If an image is not specified by one of the methods above, deployment flow runs associated with a Docker work pool will use the base Prefect image (e.g. prefecthq/prefect:3-latest) when executing. Alternatively, you can create a custom Docker image outside of Prefect by running docker build && docker push elsewhere (e.g. in your CI/CD pipeline) and then reference the resulting image in the job_variables section of your deployment definition, or set the image as a default directly on the work pool.

For more information, see this discussion of custom Docker images.

Blob storage

Another option for flow code storage is any fsspec-supported storage location, such as AWS S3, Azure Blob Storage, or GCP GCS.

If the storage location is publicly available, or if you are authenticated in the environment where you are creating and running your deployment, you can reference the storage location directly. You don’t need to pass credentials explicitly.

To pass credentials explicitly to authenticate to your storage location, you can use either of the following block types:

  • Prefect integration library storage blocks, such as the prefect-aws library’s S3Bucket block, which can use a AWSCredentials block when it is created.
  • Secret blocks

If you use a storage block such as the S3Bucket block, you need to have the prefect-aws library available in the environment where your flow code runs.

You can do any of the following to make the library available:

  1. Install the library into the execution environment directly
  2. Specify the library in the work pool’s Base Job Template in the Environment Variables section like this:{"EXTRA_PIP_PACKAGES":"prefect-aws"}
  3. Specify the library in the environment variables of the deploy method as shown in the examples below
  4. Specify the library in a requirements.txt file and reference the file in the pull step of the prefect.yaml file like this:
    - prefect.deployments.steps.pip_install_requirements:
        directory: "{{ pull_code.directory }}" 
        requirements_file: requirements.txt

The examples below show how to create a deployment with flow code in a cloud provider storage location. For each example, we show how to access code that is publicly available.

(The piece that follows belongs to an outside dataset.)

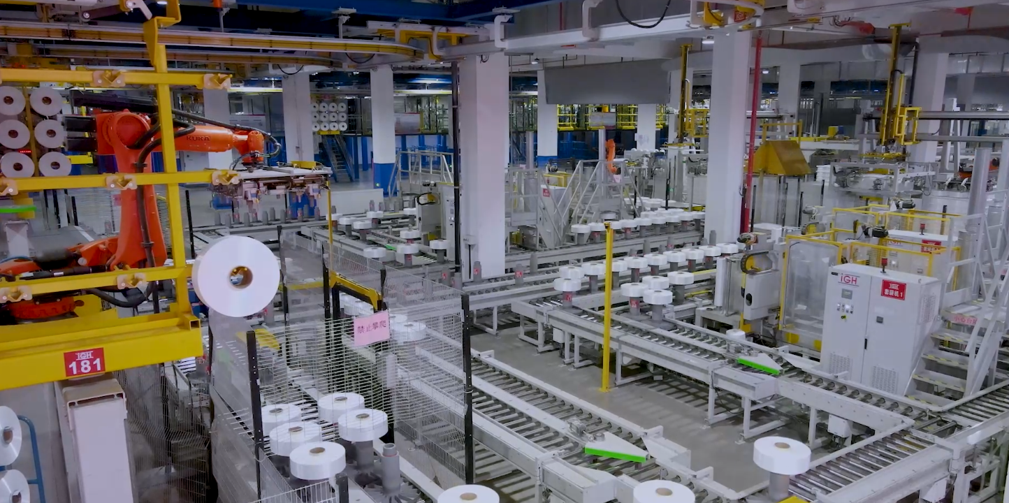 自動落絲、天軌運輸、絲餅檢驗和暫存、絲餅分揀和包裝

The prefect.yaml example includes an additional line to reference a credentials block if authenticating to a private storage location through that option.

We also include Python code that shows how to use an existing storage block and an example of that creates, but doesn’t save, a storage block that references an existing nested credentials block.

from prefect import flow


if __name__ == "__main__":
    flow.from_source(
        source="s3://my-bucket/my-folder",
        entrypoint="my_file.py:my_flow",
    ).deploy(
        name="my-aws-s3-deployment",
        work_pool_name="my-work-pool"
    )

To create an AwsCredentials block:

  1. Install the prefect-aws library with pip install -U prefect-aws
  2. Register the blocks in prefect-aws with prefect block register -m prefect_aws
  3. Create a user with a role with read and write permissions to access the bucket. If using the UI, create an access key pair with IAM -> Users -> Security credentials -> Access keys -> Create access key. Choose Use case -> Other and then copy the Access key and Secret access key values.
  4. Create an AWSCredentials block in code or the Prefect UI. In addition to the block name, most users will fill in the AWS Access Key ID and AWS Access Key Secret fields.
  5. Reference the block as shown above.

Another authentication option is to give the worker access to the storage location at runtime through SSH keys.